The Standard Deviation of the Data
See the previous lesson! But, it is simply the standard deviation of the numbers represented by the confidence interval.
The Square Root of the Sample Size
The square root of the number of data points the confidence interval represents.
Computing a confidence interval in R. For this exercise we will ignore the time variable and just compute the confidence interval for all 40 data points. In R:
df = length(weightdata$weight) - 1
This computes the degrees of freedom of the sample, of 39 in this instance. I am hoping you understand what the length command does!
crt = qt(0.05,df)
This computes the critical t value given a 95% confidence range and the afore-computed degrees of freedom.
std = sd(weightdata$weight)
The standard deviation of the weight data.
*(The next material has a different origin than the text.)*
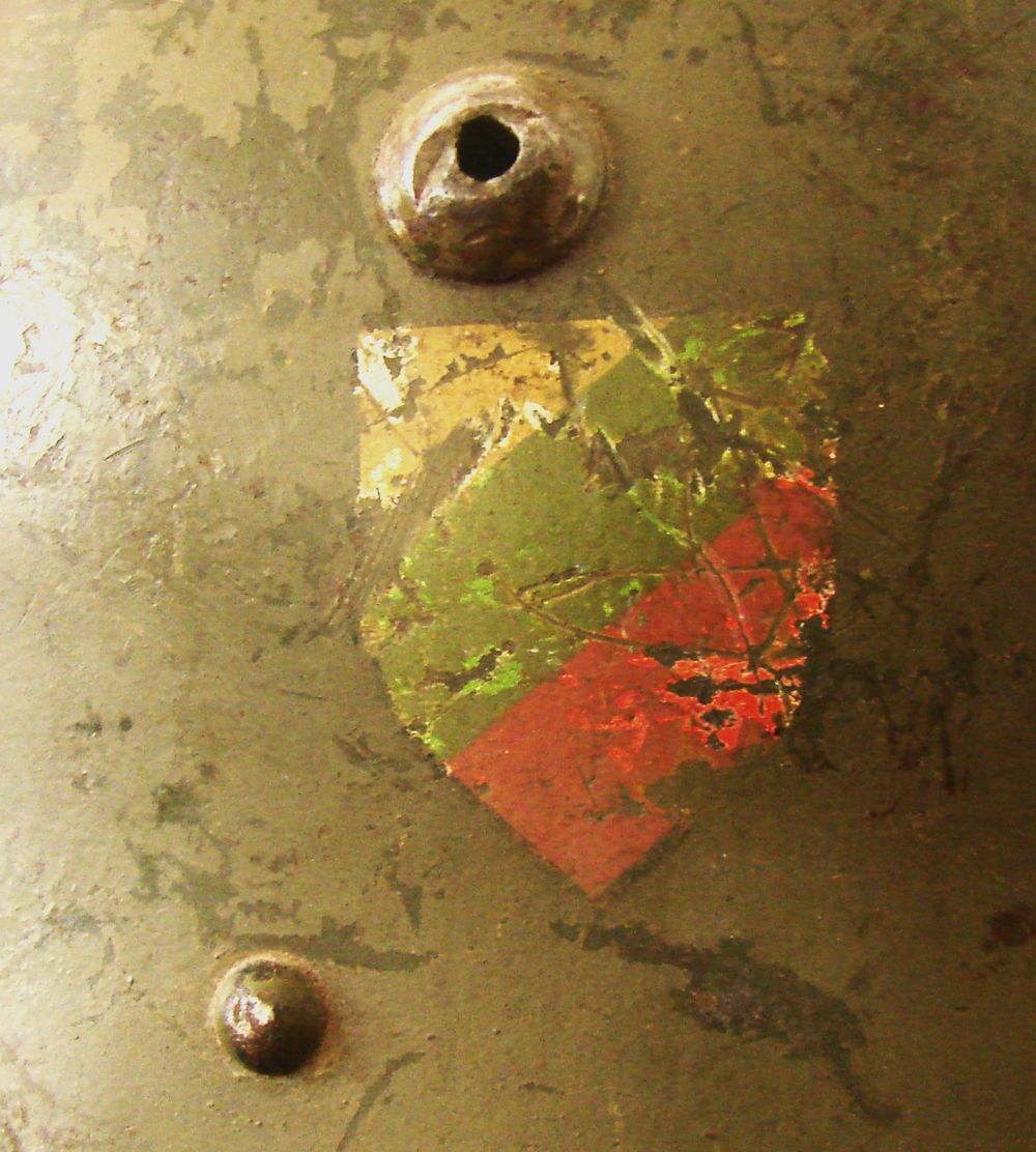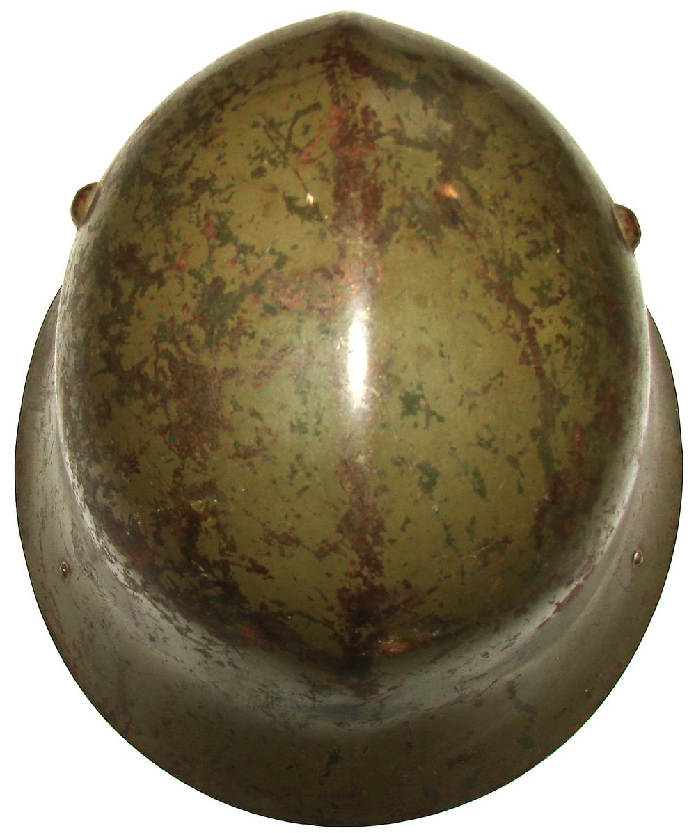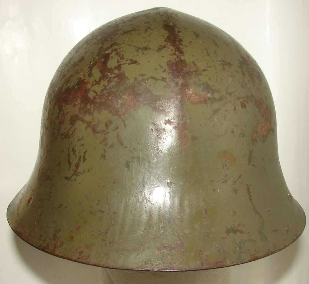 Bulgarian Army M36 C helmet in dark green, leather cap attached by 4 metal strips. Decal of the national colors bordered in black affixed before 1940. German type chinstrap with buckle painted green. Owner's name in Cyrillic, size 56.

sqn = sqrt(length(weightdata$weight))
The square root of the number of data points.
ci = crt * std / sqn
The confidence interval is equal to the critical t-value times the standard deviation of the data divided by the square root of the number of data points.
Note, this can frequently be a negative number so it is appropriate to go:
ci = abs(crt*std/sqn)
To force a positive value using the the absolute value (abs) function.
Finally, the lower and upper ranges of the confidence interval would be:
mean(weightdata$weight) - ci
mean(weightdata$weight) + ci
Assignment Questions
1. Compute the confidence intervals for time == 1 and time == 2 for the weight data.
2. Compute the confidence interval for the difference scores (i.e., the difference scores reflecting the difference in weight data between time == 2 and time == 1 for each person.
Challenge Question
1. Plot the mean of the difference scores as a bar graph with the confidence interval range of the difference scores as the error bar.